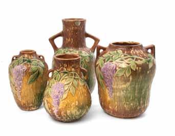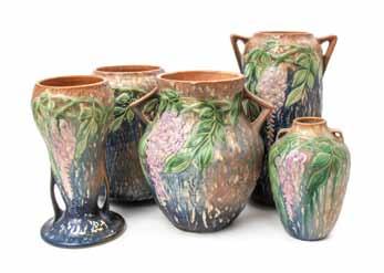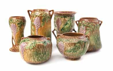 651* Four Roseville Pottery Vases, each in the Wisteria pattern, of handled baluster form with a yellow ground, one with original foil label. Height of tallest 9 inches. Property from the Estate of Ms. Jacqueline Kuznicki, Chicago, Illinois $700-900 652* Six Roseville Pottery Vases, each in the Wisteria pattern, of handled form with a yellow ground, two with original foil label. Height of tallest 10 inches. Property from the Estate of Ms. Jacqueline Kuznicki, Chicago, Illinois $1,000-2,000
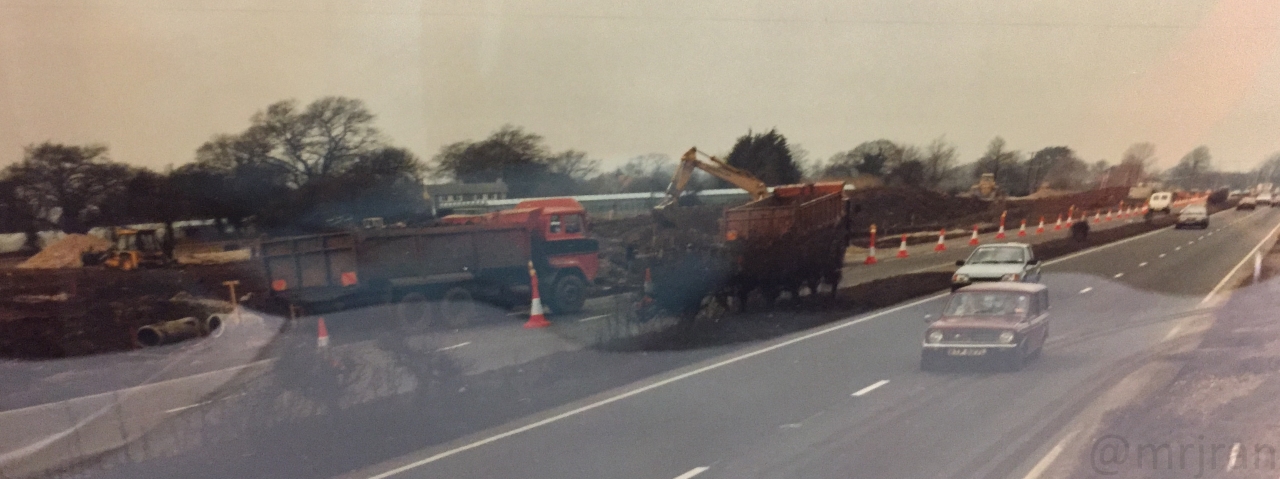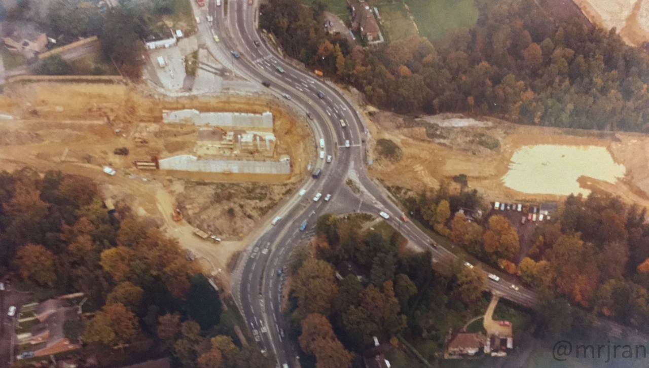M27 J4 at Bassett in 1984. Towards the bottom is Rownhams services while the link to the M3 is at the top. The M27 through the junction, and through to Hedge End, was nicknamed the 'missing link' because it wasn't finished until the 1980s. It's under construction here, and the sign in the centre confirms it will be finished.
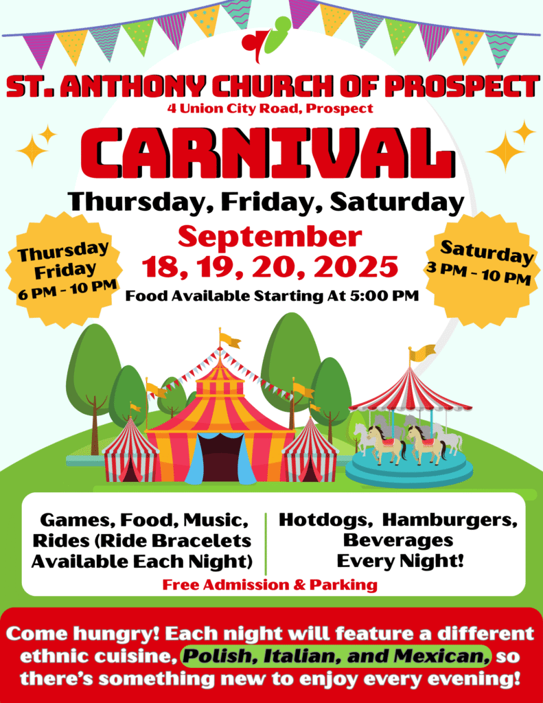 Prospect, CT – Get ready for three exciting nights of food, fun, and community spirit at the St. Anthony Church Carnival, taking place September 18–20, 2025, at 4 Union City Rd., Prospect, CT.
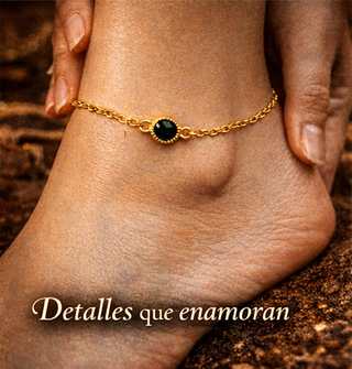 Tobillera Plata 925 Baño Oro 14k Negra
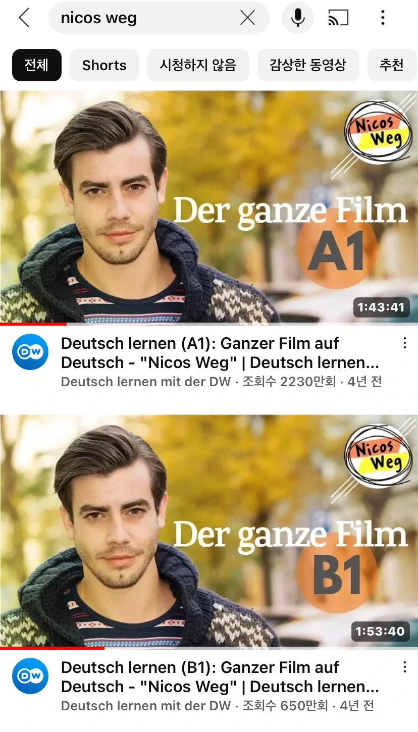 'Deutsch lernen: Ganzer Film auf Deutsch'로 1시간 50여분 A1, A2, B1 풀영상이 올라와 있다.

****************

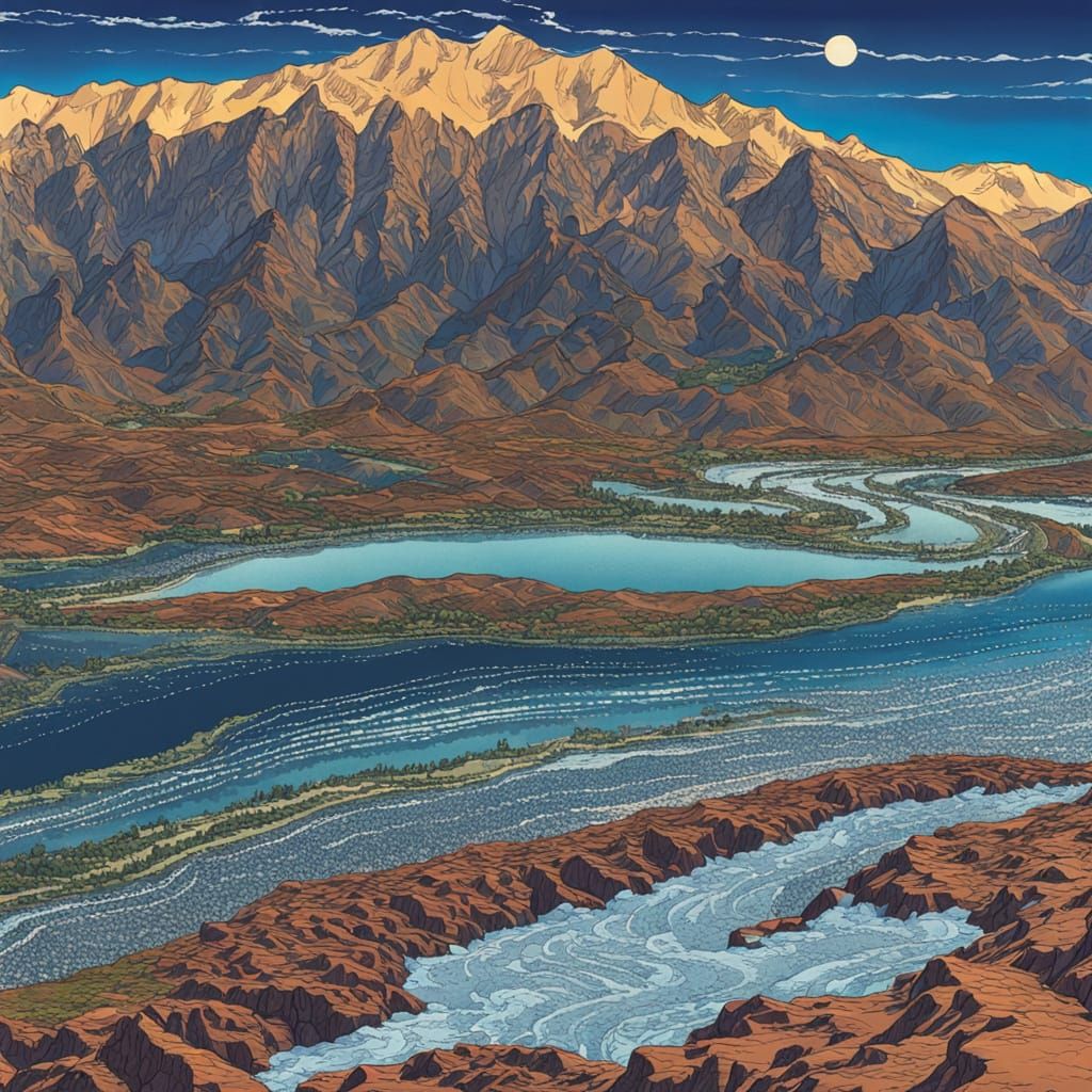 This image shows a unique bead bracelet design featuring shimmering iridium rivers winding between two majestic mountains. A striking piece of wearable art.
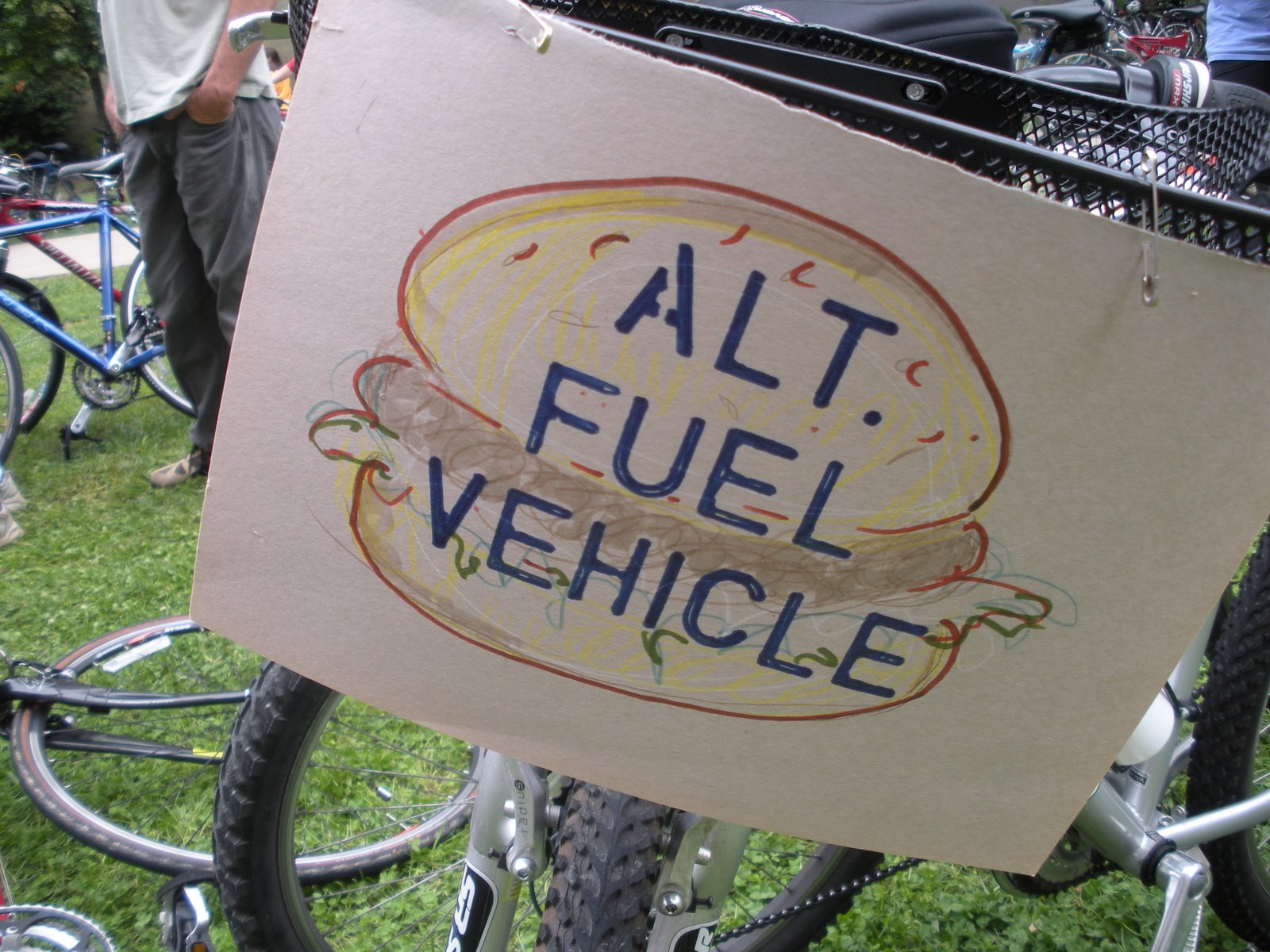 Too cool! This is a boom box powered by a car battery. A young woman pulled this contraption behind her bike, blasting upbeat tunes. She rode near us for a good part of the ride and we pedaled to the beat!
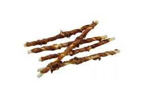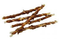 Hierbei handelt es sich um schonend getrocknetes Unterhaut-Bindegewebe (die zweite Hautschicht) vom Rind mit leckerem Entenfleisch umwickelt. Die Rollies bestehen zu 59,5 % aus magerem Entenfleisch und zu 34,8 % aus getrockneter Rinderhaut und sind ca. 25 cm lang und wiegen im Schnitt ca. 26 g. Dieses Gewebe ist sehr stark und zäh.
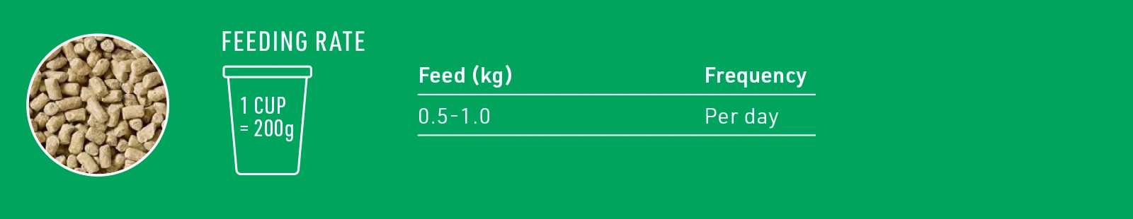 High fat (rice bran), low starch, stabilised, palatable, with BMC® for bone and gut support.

****************

Only the lines starting at the one with "Hierbei handelt es" and ending at the one with "High fat (rice" should be printed, each exactly as it appears in the material above; the pictures are to be omitted.

 Hierbei handelt es sich um schonend getrocknetes Unterhaut-Bindegewebe (die zweite Hautschicht) vom Rind mit leckerem Entenfleisch umwickelt. Die Rollies bestehen zu 59,5 % aus magerem Entenfleisch und zu 34,8 % aus getrockneter Rinderhaut und sind ca. 25 cm lang und wiegen im Schnitt ca. 26 g. Dieses Gewebe ist sehr stark und zäh.
 High fat (rice bran), low starch, stabilised, palatable, with BMC® for bone and gut support.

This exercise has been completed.